“Great Escape” Guy Over Illya Kuryakin

HE regrets the passing of David McCallum. Then again the Scottish-born actor lived a rich and mostly robust 90 years, which puts him in a kind of creme de la creme realm. Plus we all have to go sometime.

I never felt much enthusiasm for his Illya Kuryakin character in The Man from U.N.C.L.E, but what could my personal interest in or enthusiasm for a rotely-written exotic second banana in a plastic James Bond ripoff…who cares about any of that stuff?

I was slightly more intrigued by McCallum’s portrayal of Lt. Cmdr. Eric Ashley-Pitt in The Great Escape (’63).

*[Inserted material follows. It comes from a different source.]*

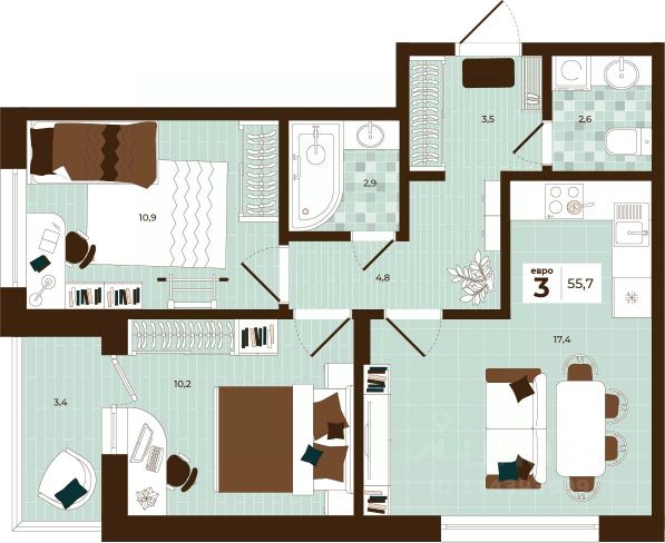 Продаётся 3-комнатная квартира в строящемся доме (Дом 20), срок сдачи: IV-кв. 2025, общей площадью 65.7 кв.м., на 12 этаже. Расположение, транспортная доступность Новый жилой комплекс "Юго-Восточный" строится в Туле, в 3,5 км от центра города. Благодаря удачным транспортным развязкам, автолюбители смогут доехать до центральных кварталов примерно за 5 10 минут, составив наиболее быстрый и удобный маршрут с учетом загруженности дорог. Проблем с мобильностью не возникнет и у пассажиров общественного транспорта. Рядом с домом расположены остановки автобусов и маршрутных такси, которые быстро довезут до любого района города. Так, чтобы добраться до центра, следует дойти пешком до остановки "Медтехника", где останавливается маршрутное такси, доезжающее до центральных кварталов всего за 7 8 минут. Инфраструктура Район, где возводится новый жилой комплекс, активно застраивается, и сеть инфраструктуры сов временем будет расширяться. Но и сейчас все, что нужно для комфортной жизни в городе, находится недалеко от жилого комплекса. В шаговой доступности расположены продуктовые магазины: "Виктория", "Овощи-фрукты", Магазин рыбы и мяса птицы, магазин мяса и колбас "У Максима", супермаркеты "Дикси", "Пятерочка", "SPAR". Неподалеку находится гипермаркет "Линия", крупный торговый центр, в котором расположены отделения банков, гипермаркет "Глобус", салон оптики, мебельный магазин "Столплит", зоомагазин "Четыре лапы" и пр. В соседнем здании находится строительный гипермаркет "Леруа Мерлен", за ним крупный магазин товаров для спорта, туризма и активного отдыха "Декатлон".Недалеко от жилого комплекса открыты кафе и рестораны: кофейня "Bonape", пиццерия "Культура", кафе "Вкуснов", кафе быстрого обслуживания "Rapido", ресторан "У фонтана" и пр.В районе есть аптеки, поликлиники, диагностические центры. В шаговой доступности от жилого комплекса расположено несколько детских садиков, в том числе, садик комбинированного вида "Алые паруса". Есть дошкольные отделения, входящие в состав образовательных центров, Центры развития ребенка. Поблизости расположены средние школы, в том числе, школа для детей с ОВЗ. Рядом с жилым комплексом находится Тульская Духовная Семинария и Суворовское училище. Надежность застройщик: достраивает объект ООО Ин-Групп.АрхитектураЖилой комплекс будет представлен 19 монолитно-кирпичными корпусами переменной этажности, выполненными в едином архитектурном стиле. При строительстве ЖК "Юго-Восточный" применяются современные материалы высокого качества, которые обеспечивают надежность домов и комфортный микроклимат в помещениях. Каждая секция оснащается современными лифтами. Помещения общего пользования отделываются экологичными материалами. Квартиры предлагаются однокомнатные (от 43,9 кв. м), двухкомнатные (от 45,8 кв. м), трехкомнатные (от 60,4 кв. м) и четырехкомнатные (от 87,2 кв. м), а также уютные студии (от 28,9 кв. м).На внутренней территории проводится комплексное благоустройство: озеленение, организация игровых площадок, мест для отдыха и за

Pitt was the guy who created that long-shoulder-sock-with-a-string device that enabled the prisoners of Stalag Luft III to camouflage the dirt that had come from the digging of the three tunnels, Tom, Dick and Harry.

On the other hand I was infuriated when Ashley-Pitt intentionally attracted attention and drew fire from German security forces at that train station so as to protect Richard Attenborough‘s Squadron Leader Roger Bartlett (aka “Big X”) and Gordon Jackson‘s Flight Lieutenant Alexander MacDonald.

Where is it written in the annals of honorable war behavior that sometimes a lower-ranked guy needs to sacrifice himself so that two higher-ranked guys can get away?

If I’d been in Ashley-Pitt’s shoes and saw that Bartlett and MacDonald were about to be captured, I would have kept my head down and said to myself “tough break for those guys…I’m very sorry but this is war and them’s the breaks…I’m sure as shit am not going to commit suicide so they can get away…fuck that noise.”